Sunday, August 28, 2005

addendum

Also, what are they going to do with prisoners? Is the state or parish going to be liable if a prisoner dies in the hurricane? Or are they going to pack them all onto prison buses? What about nursing homes? Hospitals? Preemie wards in hospitals?

Man, these reporters totally suck. Twenty-four hour goddamn news cycle and all they can think to do is point out that not everyone living in New Orleans has a car in which to leave the city. Roll that one around in your heads, 'Murkans. Don't have cars.

Brace yourself, Ignatius

Having spent the majority of the day at the warm hearth of family and cable news (a combination of Fox and MSNBC), I thought I was well-versed in the Hurricane Katrina Is About To Eat New Orleans story. But in upwards of six total hours of coverage I saw, nobody mentioned:

1) The fact that "Experts have warned about New Orleans' vulnerability for years, chiefly because Louisiana has lost more than a million acres of coastal wetlands in the past seven decades. The vast patchwork of swamps and bayous south of the city serves as a buffer, partially absorbing the surge of water that a hurricane pushes ashore." Hey, does that mean wetlands might be good for something? Who would've thought?

2) That thing about the coffins being released. Wha? Huh? EW. Six hours worth of coverage, and all I can remember seeing is the swirling red and purple orb and some weatherblown newsmen. And the same three facts: Prez. Bush wants people to leave; winds of up to 175mph; Category 5. I think I would remember having heard about the coffins thing, considering that it's scarring my psyche as I type this. Coffins?

Unfortunately, though I feel better-informed having read some news stories, this leaves me with more questions than answers. Questions like:

A) Like, with dead people in them? ew!

B) How? How could this happen? Are the coffins in some sort of masoleum? Is that how you spell masoleum? Isn't the masoleum locked? Are there open-air masoleums? (Masolea?)

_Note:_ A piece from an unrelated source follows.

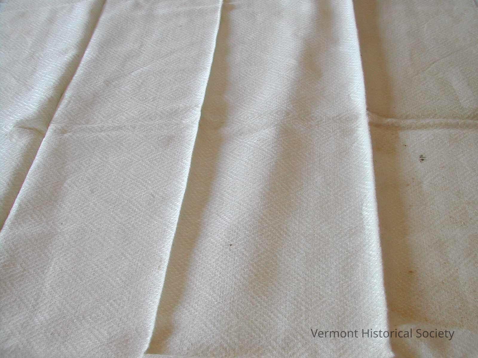 Large, handwoven white linen towel in a spot weave. There is a hanger tab stitched to one end. It is marked both "E.G." and "Julia Hager."

B.5) If we're not talking about masoleums, is this to mean that 28 feet of water could somehow unearth coffins? Does this have terrifying broader implications for flooding situations that we need to acknowledge?

C) Are the "legendary cemeteries" that everyone keeps mentioning in these AP stories supposed to be common knowledge, like the Grand Canyon or Mount Rushmore? Have I missed out? Why don't I know about the legendary cemeteries?

D) Are coffins sealed shut somehow, or might they release their organic cargo? There's probably no reason to lock a coffin... OR AT LEAST THERE WASN'T UNTIL NOW.


On top of my inability to stop thinking about the coffins being released from the legendary cemeteries, I also now how images of waterlogged zombies swimming around New Orleans. This makes no sort of sense - water doesn't have the capability to bring dead bodies back to life and make them want to eat brains, right? Or have I also missed an entire Flooding/Zombie movie genre as well?

Also, how do we know the roof will stay on the Superdome? Anyone?

I don't mean to appear to be taking all this lightly (the coffins thing is seriously freaking me out, though. I'm not kidding about that.). But the tone of the AP coverage is so different from the cable coverage that it's jarring. All day I've been thinking "poor New Orleans," and all the AP stories are saying, basically, "way to go, Big Easy, you've seen this coming for years and you built levees and drained the wetlands anyway and so you deserve all the dripping zombies you get."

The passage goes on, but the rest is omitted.